**Instructions to follow**
Write out word for word each line from the top of the material through the line that has "12월 2주 차 대구·경북 주말 ‘날씨 체크’". Pictures do not go in.

═════ Given material

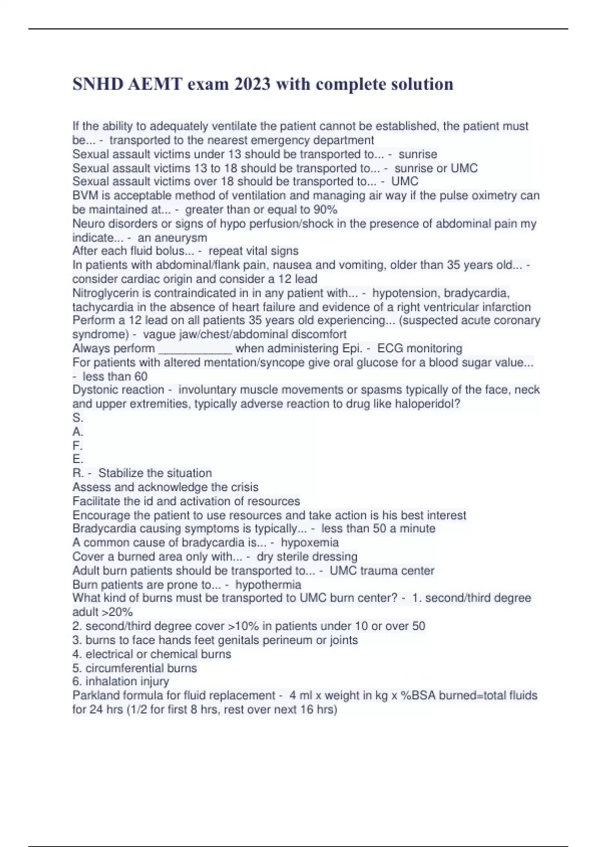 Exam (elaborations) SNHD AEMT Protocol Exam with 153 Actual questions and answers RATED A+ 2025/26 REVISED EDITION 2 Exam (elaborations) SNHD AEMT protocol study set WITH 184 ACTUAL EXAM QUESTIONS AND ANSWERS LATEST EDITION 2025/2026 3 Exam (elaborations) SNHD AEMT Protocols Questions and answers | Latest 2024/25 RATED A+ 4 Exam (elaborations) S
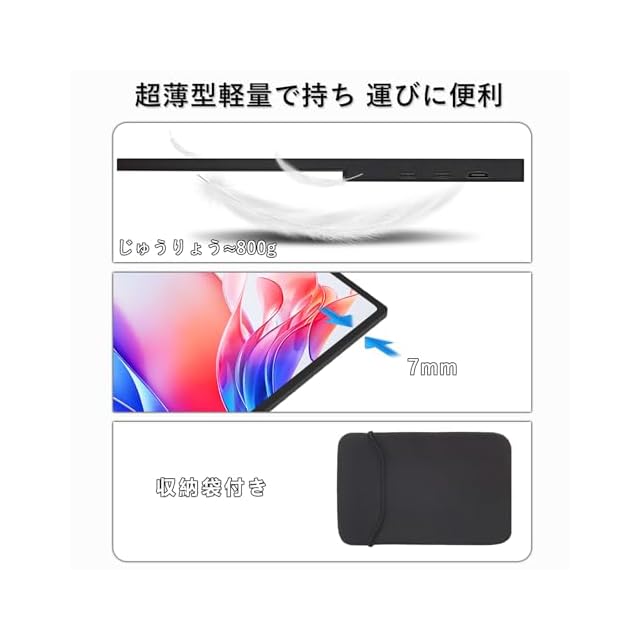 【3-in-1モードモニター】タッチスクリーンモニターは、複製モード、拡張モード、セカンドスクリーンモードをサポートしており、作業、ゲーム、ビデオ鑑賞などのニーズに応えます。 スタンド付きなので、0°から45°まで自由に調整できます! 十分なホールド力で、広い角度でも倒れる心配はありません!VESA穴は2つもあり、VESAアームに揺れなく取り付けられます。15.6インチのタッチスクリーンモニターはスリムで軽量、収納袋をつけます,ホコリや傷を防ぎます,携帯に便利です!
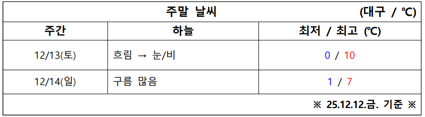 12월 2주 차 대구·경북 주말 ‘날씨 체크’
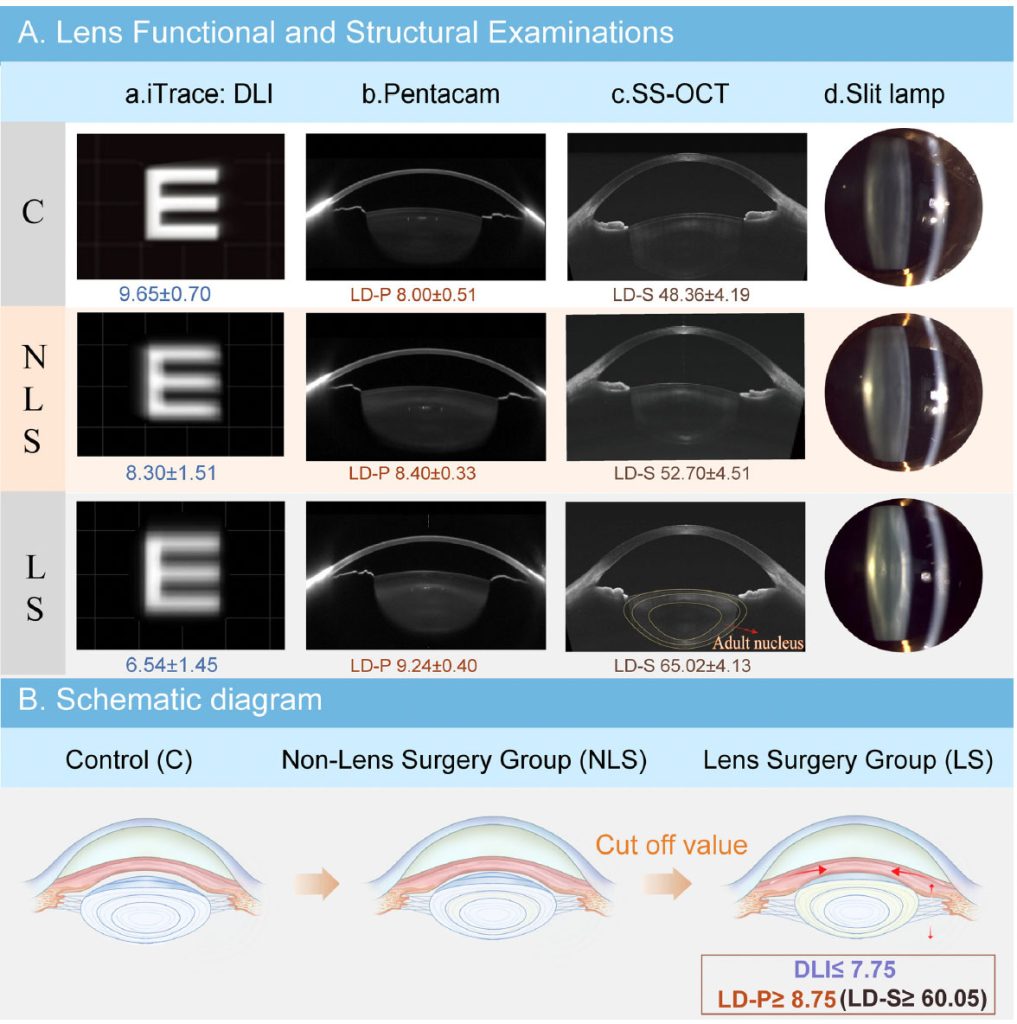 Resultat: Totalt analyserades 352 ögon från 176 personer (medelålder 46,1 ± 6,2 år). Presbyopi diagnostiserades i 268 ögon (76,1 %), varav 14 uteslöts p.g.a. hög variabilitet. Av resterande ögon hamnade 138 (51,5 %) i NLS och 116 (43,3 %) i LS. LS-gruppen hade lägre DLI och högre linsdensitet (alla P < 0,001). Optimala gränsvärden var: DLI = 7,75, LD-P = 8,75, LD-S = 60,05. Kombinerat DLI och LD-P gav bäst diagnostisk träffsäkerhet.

══════════

**Answer section**
 Exam (elaborations) SNHD AEMT Protocol Exam with 153 Actual questions and answers RATED A+ 2025/26 REVISED EDITION 2 Exam (elaborations) SNHD AEMT protocol study set WITH 184 ACTUAL EXAM QUESTIONS AND ANSWERS LATEST EDITION 2025/2026 3 Exam (elaborations) SNHD AEMT Protocols Questions and answers | Latest 2024/25 RATED A+ 4 Exam (elaborations) S
 【3-in-1モードモニター】タッチスクリーンモニターは、複製モード、拡張モード、セカンドスクリーンモードをサポートしており、作業、ゲーム、ビデオ鑑賞などのニーズに応えます。 スタンド付きなので、0°から45°まで自由に調整できます! 十分なホールド力で、広い角度でも倒れる心配はありません!VESA穴は2つもあり、VESAアームに揺れなく取り付けられます。15.6インチのタッチスクリーンモニターはスリムで軽量、収納袋をつけます,ホコリや傷を防ぎます,携帯に便利です!
 12월 2주 차 대구·경북 주말 ‘날씨 체크’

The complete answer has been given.